▶ [Requirement]
Begin at the line below that holds "over the village.’" and end at the line that holds "Wholesale 10pcs 14mm", transcribing each line exactly and skipping any picture.

▶ [Extracted records]
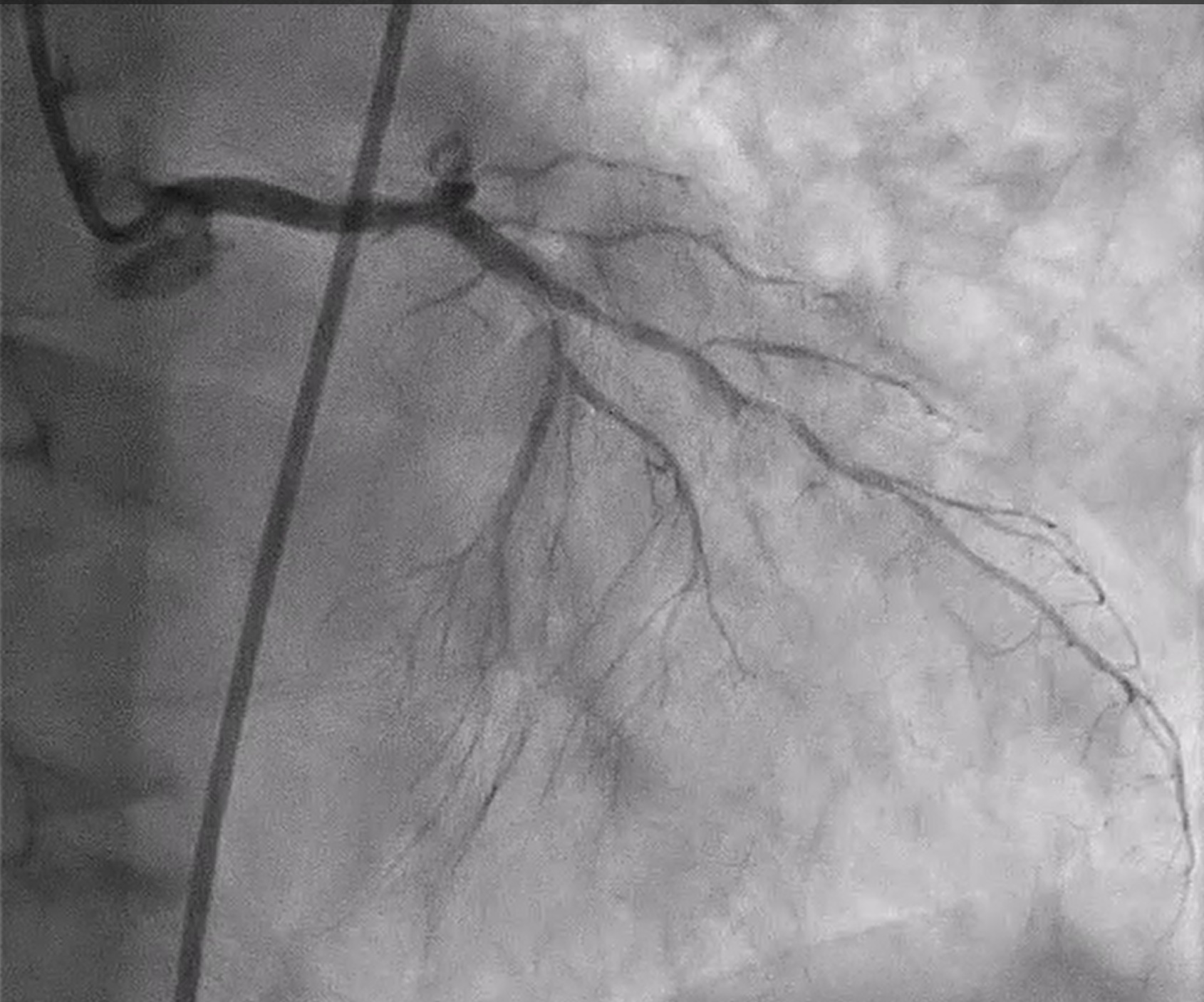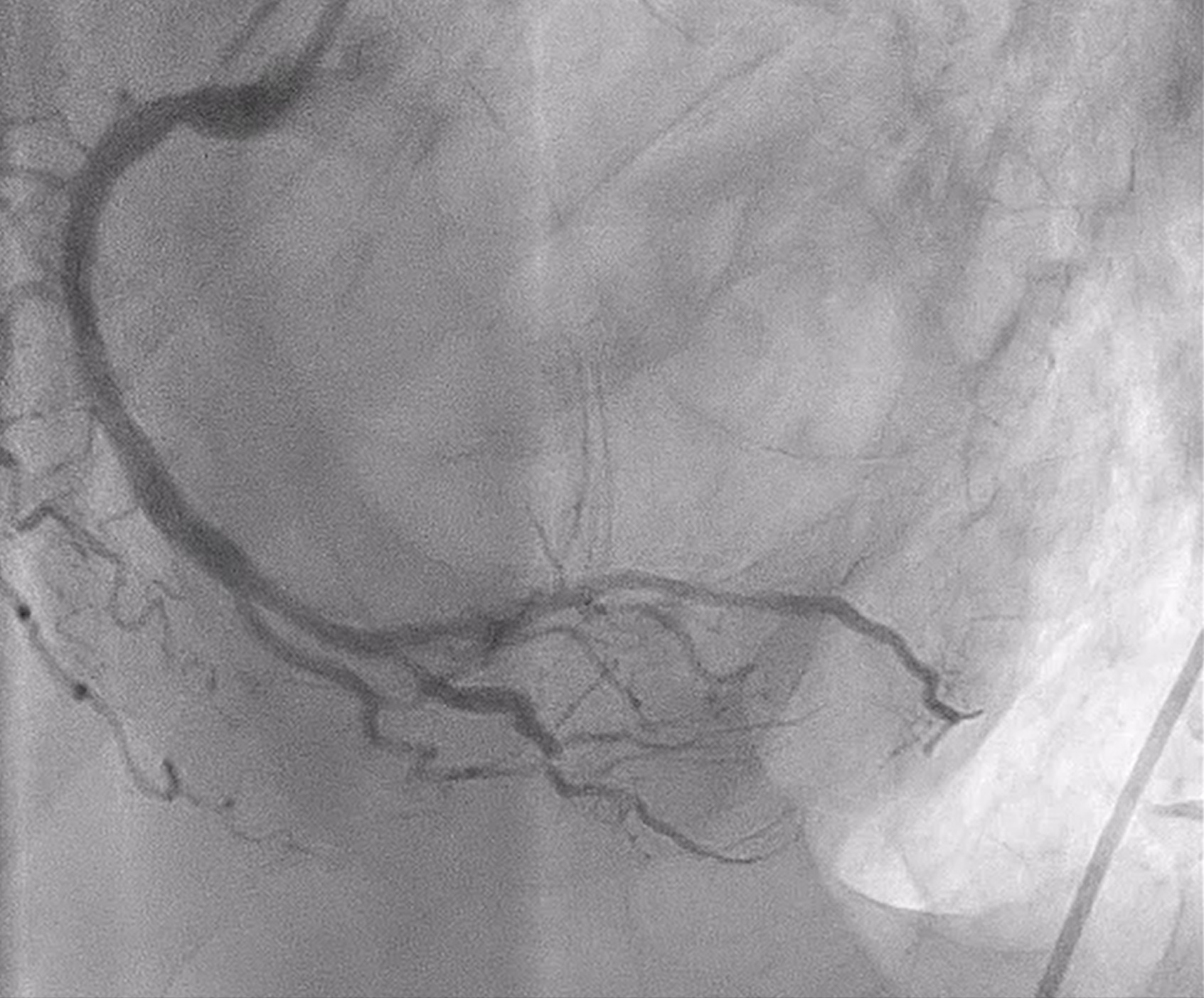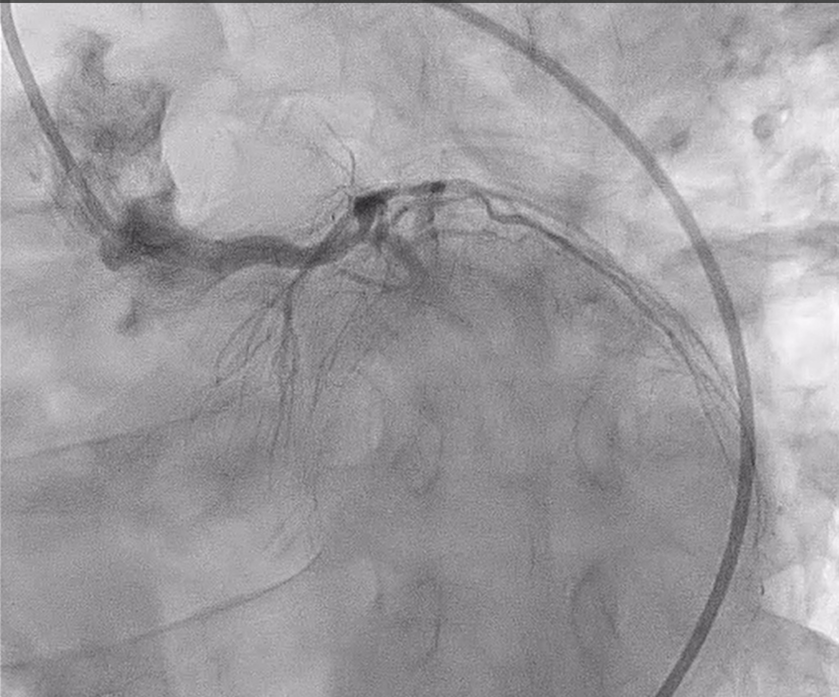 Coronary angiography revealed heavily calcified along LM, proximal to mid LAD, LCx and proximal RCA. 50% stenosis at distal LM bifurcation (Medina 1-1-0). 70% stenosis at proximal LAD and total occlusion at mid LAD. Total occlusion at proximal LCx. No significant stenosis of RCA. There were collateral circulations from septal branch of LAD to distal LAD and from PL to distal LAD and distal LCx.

...

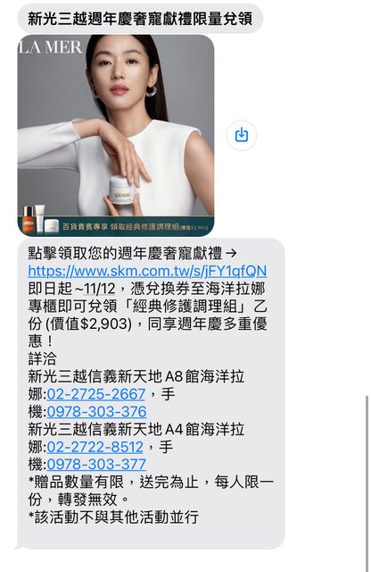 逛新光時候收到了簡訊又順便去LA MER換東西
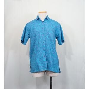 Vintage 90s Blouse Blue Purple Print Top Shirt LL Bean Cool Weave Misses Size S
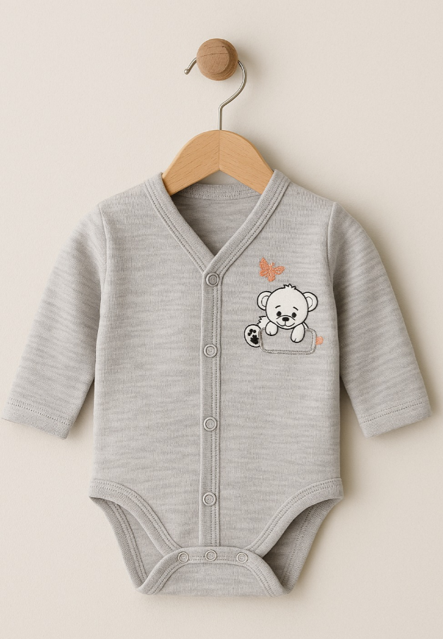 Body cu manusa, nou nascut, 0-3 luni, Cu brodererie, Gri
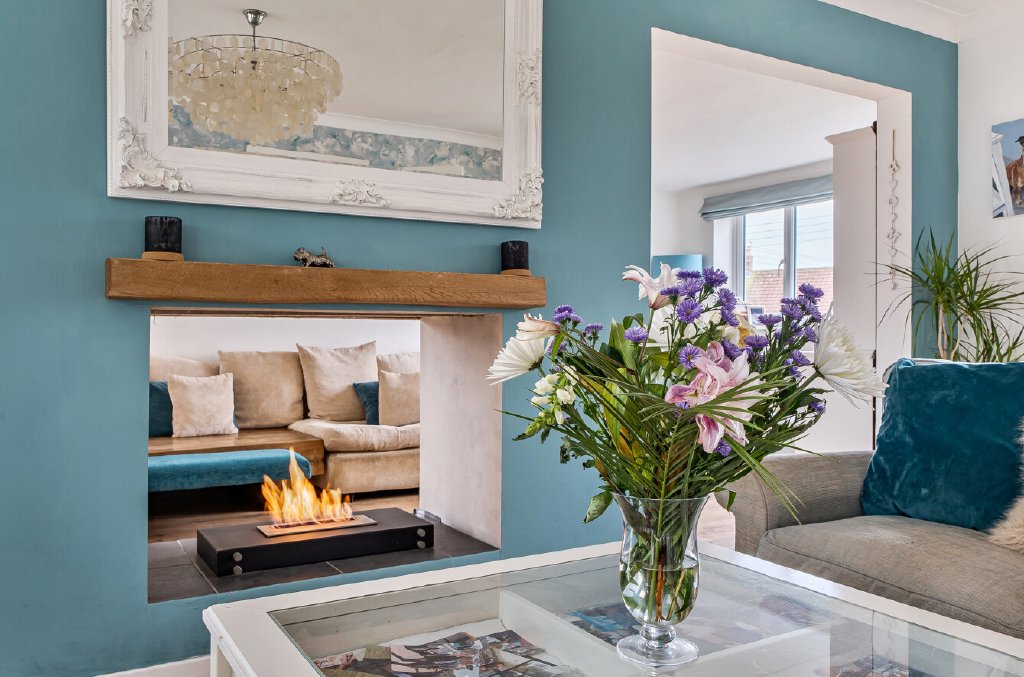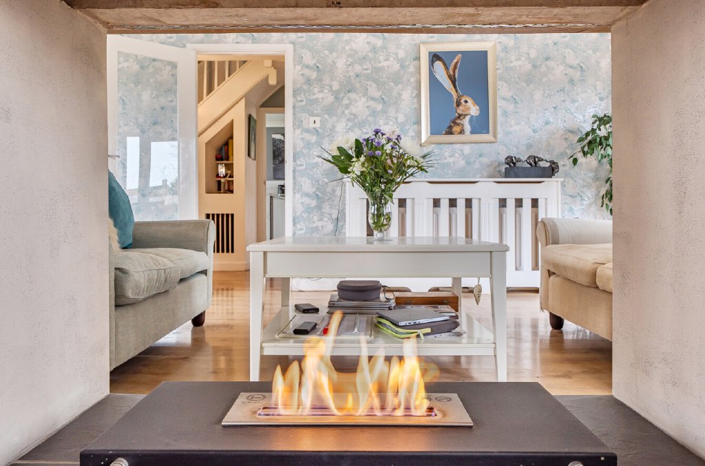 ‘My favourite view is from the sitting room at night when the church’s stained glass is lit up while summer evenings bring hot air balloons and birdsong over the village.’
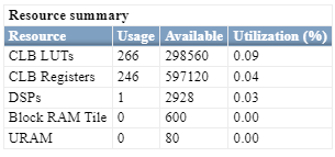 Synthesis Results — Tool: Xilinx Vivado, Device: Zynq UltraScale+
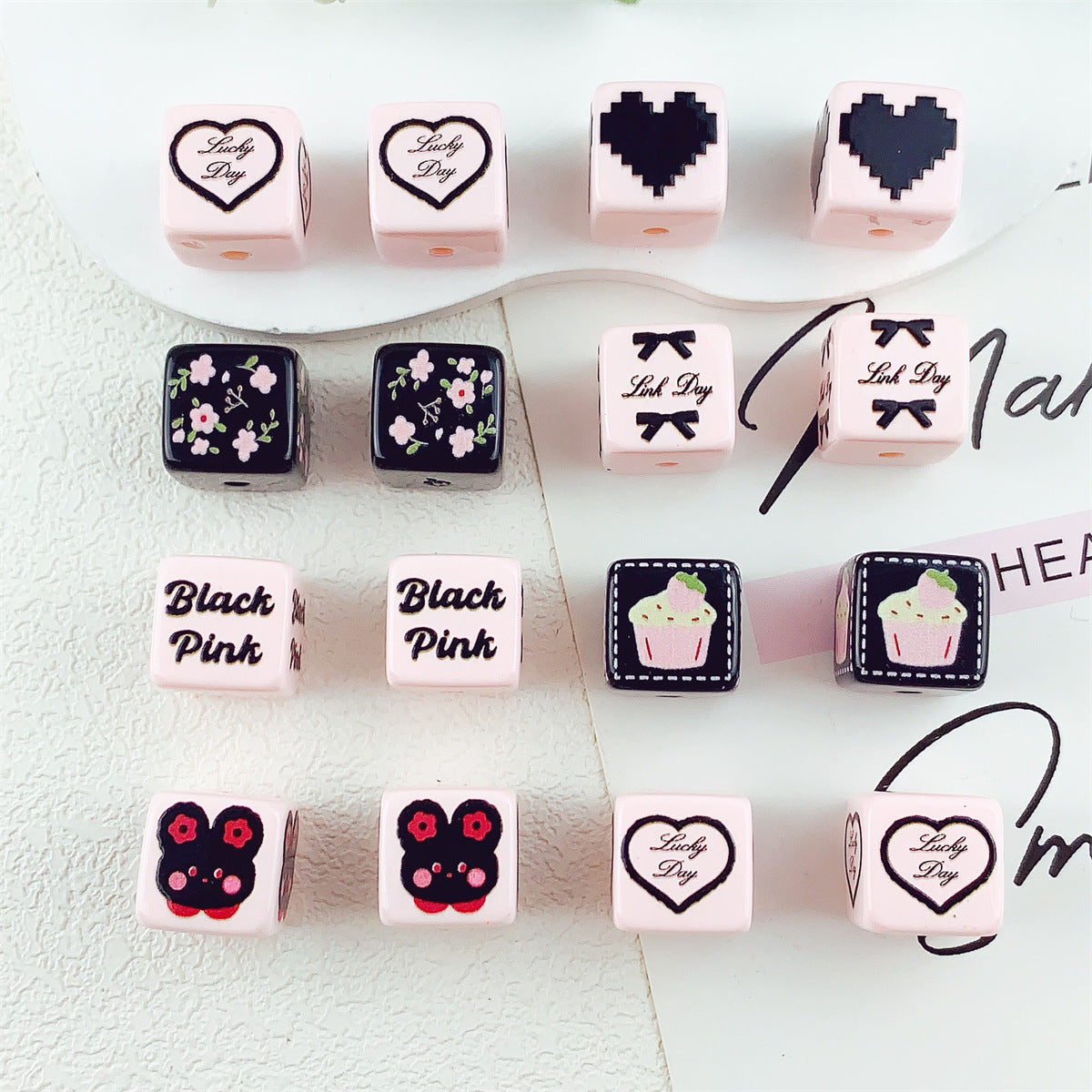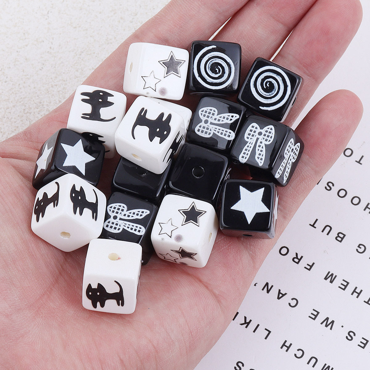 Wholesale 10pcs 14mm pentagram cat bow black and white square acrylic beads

▶ [Answer for this exercise]
 ‘My favourite view is from the sitting room at night when the church’s stained glass is lit up while summer evenings bring hot air balloons and birdsong over the village.’
 Synthesis Results — Tool: Xilinx Vivado, Device: Zynq UltraScale+
 Wholesale 10pcs 14mm pentagram cat bow black and white square acrylic beads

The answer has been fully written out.